Two of Europe’s biggest internet satellite companies are merging to take on Starlink

Internet satellite operators and are planning a merger in hopes of becoming a stronger rival to SpaceX. The merger, which is subject to regulatory and Eutelsat shareholder approval, is expected to occur in mid-2023 and value OneWeb at $3.4 billion. OneWeb and Eutelsat shareholders will each own half of the combined company.

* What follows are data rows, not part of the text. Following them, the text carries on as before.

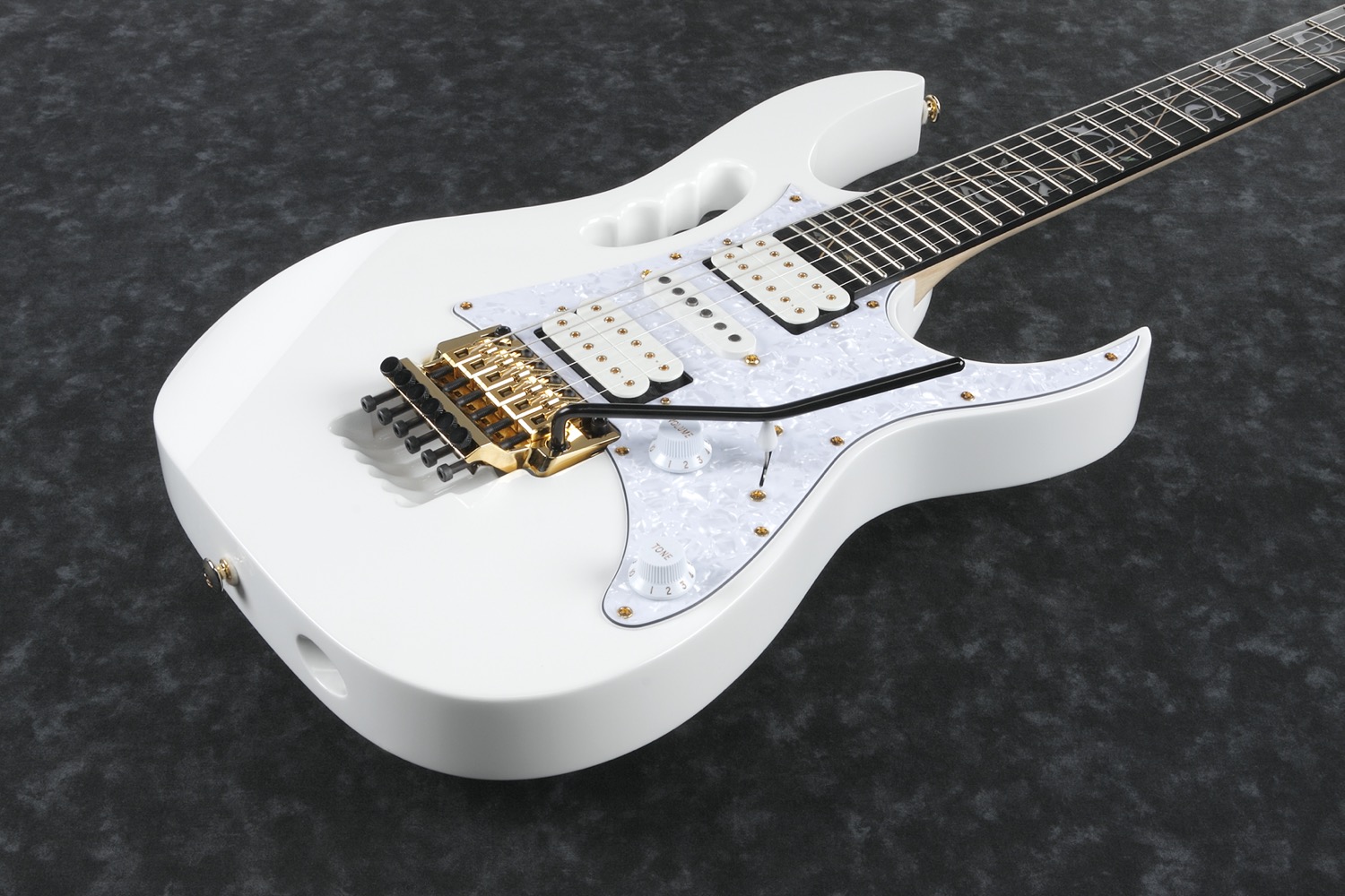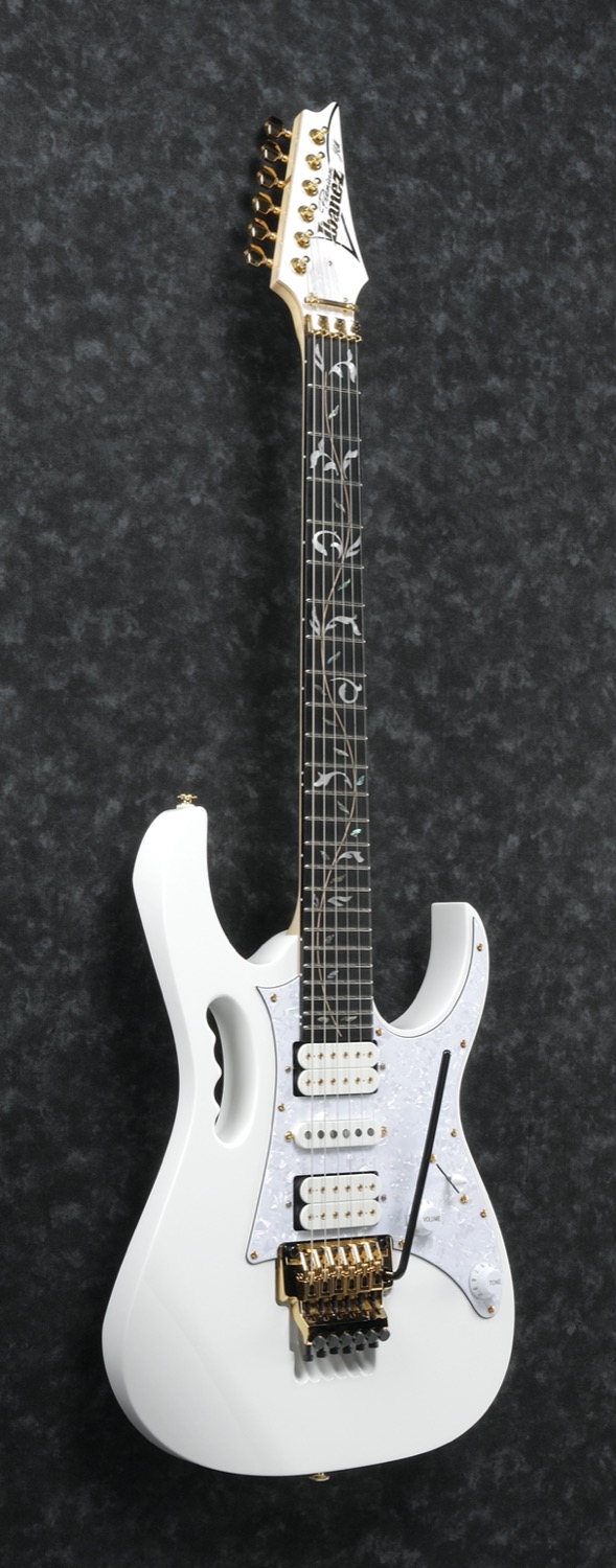 JEM7VP-WH Steve Vai signatur, Premium.JEM er en signaturmodell der verken gitaren eller gitaristen bak trenger noen presentasjon overhodet. Det er rett og slett ingenting å si om noen av dem som ikke alle allerede vet. En mer personlig og stilbyggende signaturmodell er vanskelig å finne. Hver eneste lille funksjon på gitaren er helt etter Steve sitt hode og 100% slik han vil ha gitarene sine. Har du sett Steve spille etter 1987 noen gang, så er det en JEM han har spilt på. En mer trofast bruker av sin egen signaturmodell har sannsynligvis aldri eksistert. Og gitarverdenen har svart med en høylytt og rungende vi vil ha den samme gitaren som deg, Steve! . JEM-modellen er mildt sagt blitt en makeløs suksess. Og det er ikke rart, alt ved gitaren er helt toppklasse og så god som en gitar kan være. Med en fantastisk bredde og uovertruffen spillbarhet, er det en gitar for mange flere gitarister enn bare Steve Vai freaks. Uansett hva du spiller, kan du få lyden du leter etter i en JEM.Specs.• 5-pc maple/walnut Wizard neck with KTS Titanium rods.• Alder body.• Ebony fretboard withTree of Life inlägg.• Jumbo frets w/Premium fret edge treatment.• Ibanez original EDGE tremolo.• DiMarzio Evolution (H) Neck PU.• DiMarzio Evolution (S) Middle PU.• DiMarzio Evolution (H) Bridge PU.• Gold hardware.• Gigbag included.Neck:• Scale: 648mm/25.5 .• At nut: 43mm.• At last fret: 58mm.• Thickness at 1F: 18mm.• Thickness at 12F: 20mm.• Radius: 400mmR.
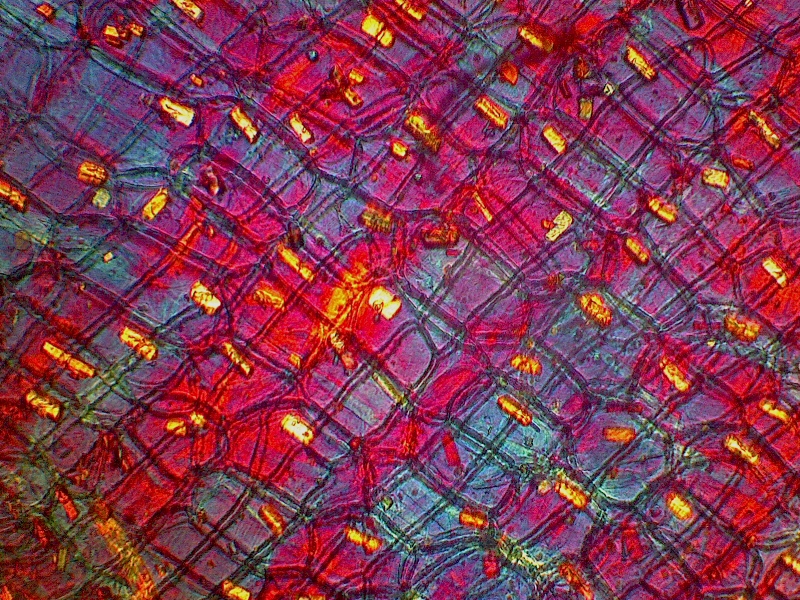 Фото 1. Вид кожуры лука в скрещенных поляроидах. Поляризатор установлен под конденсором, анализатор - между объективом и окуляром.
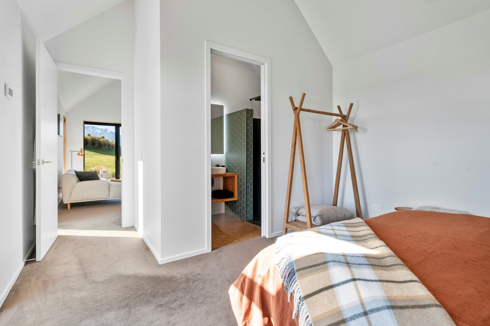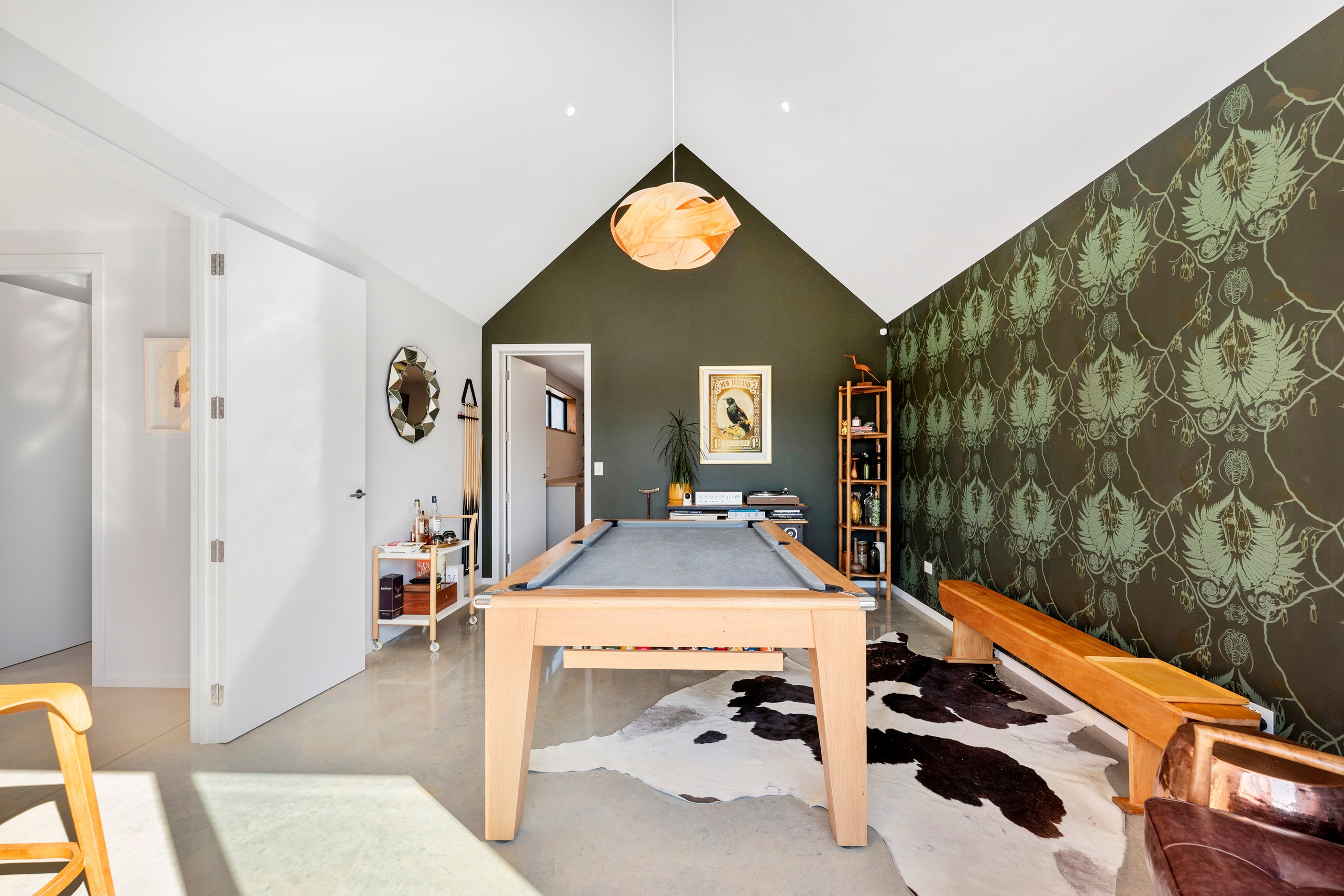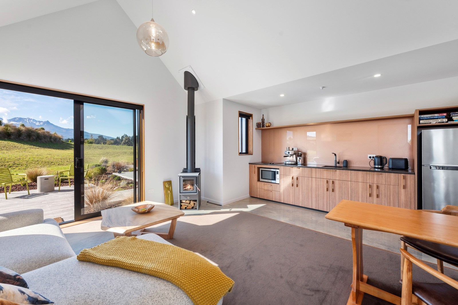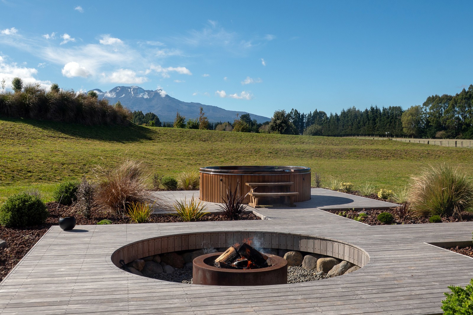 With four bedrooms, three bathrooms and a large open-plan communal space spread throughout the 315sqm floorplan, and three pavilions, there’s much to explore. On the ground floor, the kitchen spills into dining and living spaces which, in turn, open to a media room, as well as a verandah and patio. On this floor, you’ll find another lounge, office, utility room, powder room and a bedroom with ensuite. Head upstairs and three more bedrooms and a bathroom stretch along the elongated upper floor. Naturally, the main bedroom has a walk-in wardrobe and ensuite. In a property that’s an all-round achiever, the outdoor zone is a standout. Timber decking flows from the house, past a firepit and terminates just past a spa pool. Bliss under the mountain and starry night skies.
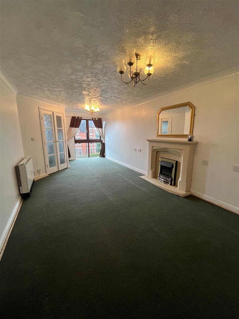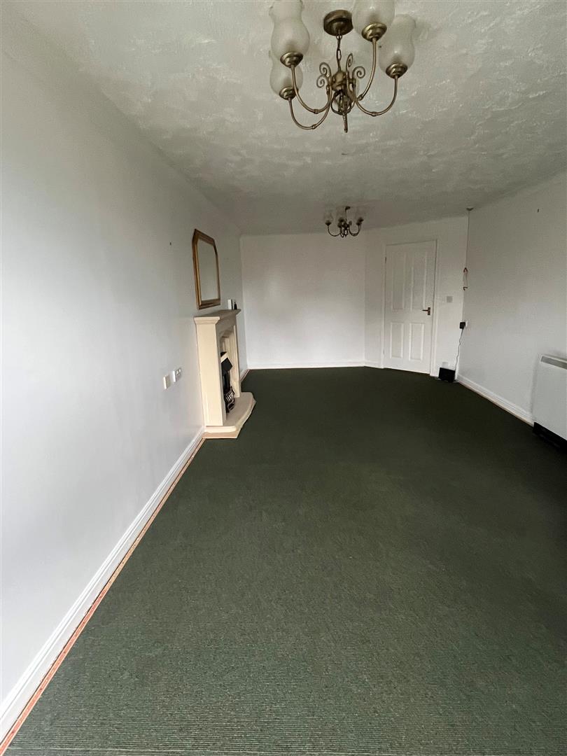 Large Lounge/Dining Room - 5.79m 2.13m' x 3.05m 1.52m' (19' 7'' x 10' 5'') - Wall mounted electric storage heater. Coved ceiling. Feature fireplace with inset coal effect electric fire. Television aerial point. Front aspect sealed unit double glazed window. Double doors opening into:-
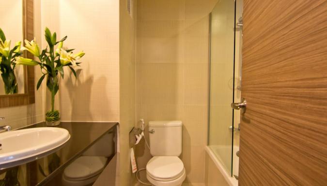 - ванная комната с ванной или душевой кабиной, феном и туалетными принадлежностями.
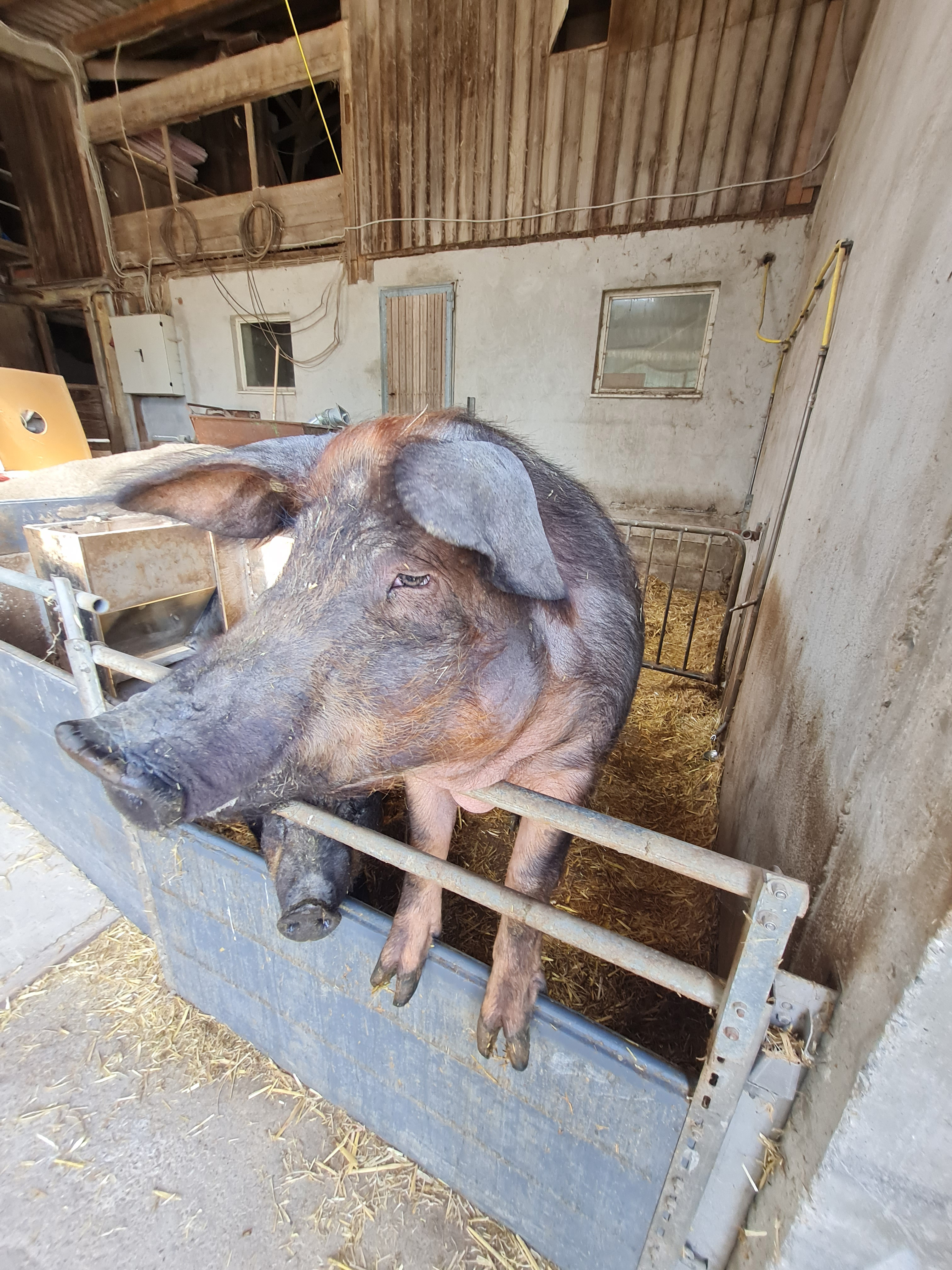 Auf dem Hof leben Stroh- und Ibérico-Schweine, die in großzügigen, hellen Ställen mit viel Stroh und Auslauf gehalten werden. Dieses natürliche Umfeld sorgt für gesunde Tiere und eine besonders hohe Fleischqualität – Schweinefleisch und Wurstwaren mit Charakter und Herkunft.

Eutelsat has a fleet of 36 satellites in geostationary orbit. These will be combined with the cluster of OneWeb satellites in low-Earth orbit, providing internet access from the sky. OneWeb currently has 428 satellites in orbit out of a planned 648 in its first generation network.

OneWeb and Eutelsat expect combined revenue of 1.2 billion euros ($1.56 billion) in fiscal year 2022-23. Eutelsat Chairman Dominique D’Hinnin and CEO Eva Berneke will retain these positions in the merged entity. OneWeb investor Sunil Bharti Mittal becomes co-chair.

The merger comes after OneWeb failed in its attempt to become a viable competitor to Starlink and Amazon. OneWeb in March 2020 looking for a buyer. The UK government and Mittal’s Bharti Global each paid $500 million for OneWeb. The company is scheduled to launch hundreds of satellites in early 2021.

More recently, OneWeb found itself caught between Russia and the West following the invasion of Ukraine. British sanctions prompted Russia to block the launch of OneWeb satellites – it demanded that Britain sell its stake in OneWeb and wanted assurances that the satellites would not be used for military purposes. OneWeb eventually launched the rest of its first-generation satellites.

Following the anticipated merger, the UK will acquire OneWeb as well as exclusive rights over the company. These give the government a significant say in national security control over the network and veto power over certain decisions, such as the location of OneWeb’s headquarters.